Türkiye’nin Rus uçağını düşürdüğü gün, ilk açıklamayı yapma telaşıyla Rus uçağının düşürüldüğünü duyuran Erdoğan, daha sonra bu açıklamayı Rusya’ya ait olduğunu tahmin ettikleri şeklinde düzeltmişti. Türkiye’nin olaya dair tezi, uçağın kimliğini açıklamadığı, milliyetinin belirlenemediği ve uyarılara rağmen hava sahasını ihlal ettikleri üzerine kurulup Rusya ile ilişkilerin normalleştirilmesi için gerek Hükümet gerekse Türk Silahlı Kuvvetleri kanadından işbirliği ve görüşme çabaları yoğunlaşırken Erdoğan aynı gün içerisinde üç farklı tutum alarak bambaşka bir tabloya işaret ediyor.

Erdoğan sabahı: France 24’te “Rus uçağı olduğunu bilseydik başka türlü davranırdık”

Dün sabah saatlerinde France 24’e konuşan Erdoğan, “Bu bir Rus uçağı olduğu belli olmuş olsaydı belki uyarıların türü farklı olabilirdi. Bu uyarılar çok daha farklı bir zeminde ulaştırılarak farklı yerler devreye sokulmak suretiyle bu hava sahası ihlalinin önü kesilebilirdi. Ama bu konuda hassasiyetin devam etmesinde fayda var. Yani bu tür ihlallerin olmaması gerekiyor” diyordu..

Cumhurbaşkanı Recep Tayyip Erdoğan, Suriye sınırında Rus uçağının Türk jetleri tarafından düşürülmesinden sonra Rusya Devlet Başkanı Vladimir Putin’i telefonla aradığını ancak Rus liderin telefonunu açmadığını ve ne düşündüğünü bilmek istediğini de sözlerine ekleyecekti.

Bu konuşmanın, Paris saldırıları sonrasında IŞİD konusunda daha sert bir konum alan ve bölgedeki varlığını arttırmaya karar veren Fransa’ya yönelik olduğunu da not etmek gerek. Ancak, yine dün gece, François Hollande ile Vladimir Putin’in Moskova’daki görüşmelerinden sonra yaptıkları basın toplantısında Hollande’ın araya girerek IŞİD’in petrol tankerleri vurulacak diye özellikle bir vurgu yapması ve konuşmasında IŞİD’in yanı sıra diğer cihatçı çetelerle de mücadele edilmesi gerektiğini söylemesi de not edilmeli.

Erdoğan öğleni: Muhtarlara “Aynı ihlal bugün yapılsa Türkiye yine bu karşılığı vermek durumundadır”

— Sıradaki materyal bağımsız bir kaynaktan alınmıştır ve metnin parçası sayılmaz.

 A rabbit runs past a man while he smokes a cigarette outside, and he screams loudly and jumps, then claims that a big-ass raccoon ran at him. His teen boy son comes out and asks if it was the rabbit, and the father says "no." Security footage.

Dün öğlen 15. kez düzenlenen, Erdoğan’ın “grup toplantısı” muhtarlarla buluşmasında ise Erdoğan bu kez, “Bölgede yeni gerilimler çıkarmak istemiyoruz. Rusya’yı hedef almak için herhangi bir nedenimiz yok. Rusya ile Suriye konusunda anlaşamamız başka bir şeydir, angajman kurallarını işletmek başka bir şeydir. Aynı ihlal bugün yapılsa Türkiye yine bu karşılığı vermek durumundadır” diyerek Putin’in “Türkiye IŞİD’den petrol alıyor” açıklamalarına yönelik, “Çok ayıp, yazıklar olsun, bu iddiayı ortaya atanlar iddialarını ispatla mükelleftirler” sözleriyle çıkış yaptı.

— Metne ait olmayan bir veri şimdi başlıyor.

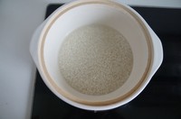 砂锅底部及内侧涂上油,倒入大米,加水没过大米0.5厘米左右,中火煮开,转小火焖煮。

Erdoğan’ın Türkiye’ye karşı ise “dik duran adam” imajını zedelemekten kaçındığı söylenebilir. Gün içerisindeki değişimin, Türkiye ve dünyaya dönük açıklamalarda belirli bir açının bir noktaya kadar anlaşılabilmesi mümkün elbette.

Erdoğan akşamı: CNN’de “Biz özür dilemeyiz, onların özür dilemesi lazım”

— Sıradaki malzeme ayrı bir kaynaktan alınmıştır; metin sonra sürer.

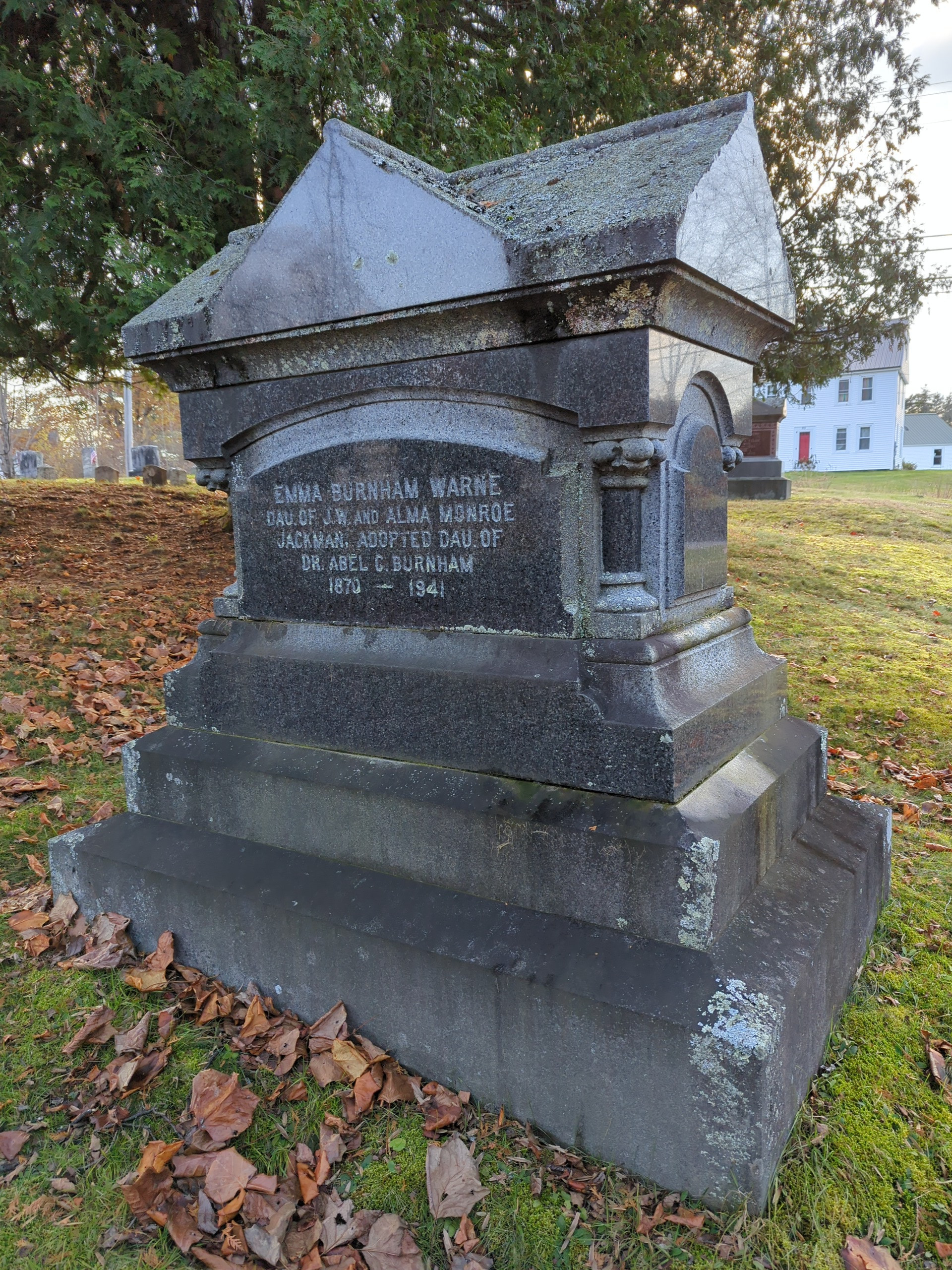 -Dau of John & Alma (Monroe) Jackman, adopted by Dr. Abel Burnham after the death of her mother.

Erdoğan, dün akşam CNN International’a yaptığı açıklamada ise Rus uçağının düşürülmesiyle ilgili olarak Türkiye’nin Rusya’dan özür dilemeyeceğini söyledi. Erdoğan, “Özür dilemesi gereken bir taraf varsa, bu biz değiliz. Hava sahamızı ihlal edenler özür dilemeli” dedi. Oysa, Dışişleri Bakanı Mevlüt Çavuşoğlu gün içerisinde, Rusya’nın özür talebine üzgün olduğumuzu söyledik diyerek daha ortalamacı bir karşılık veriyordu.

Böylece, kendisine tansiyonu düşür diyen ABD Başkanı Barack Obama’nın ülkesinde ise tansiyonu düşürecekse Putin’e karşı daha fazla ezilmesine izin verilmemesini isteyen bir Erdoğan ortaya çıkıyordu.

Bu üç farklı açıklama, Erdoğan’ın petrol sevkiyatı tartışmaları konusunda hassas olduğunu kesin olarak ortaya koyuyor diyebiliriz. Erdoğan’ın, bu konuda, köşeye sıkıştırılacaksa bunu kabullenmeyeceği de anlaşılıyor. Ancak, Erdoğan arkasında istediği desteği bulamadığı veya durumu aleyhine gördüğünde bu kez kendi başına maceralara kalkışması ihtimalinin olduğu da iyi düşünülmeli.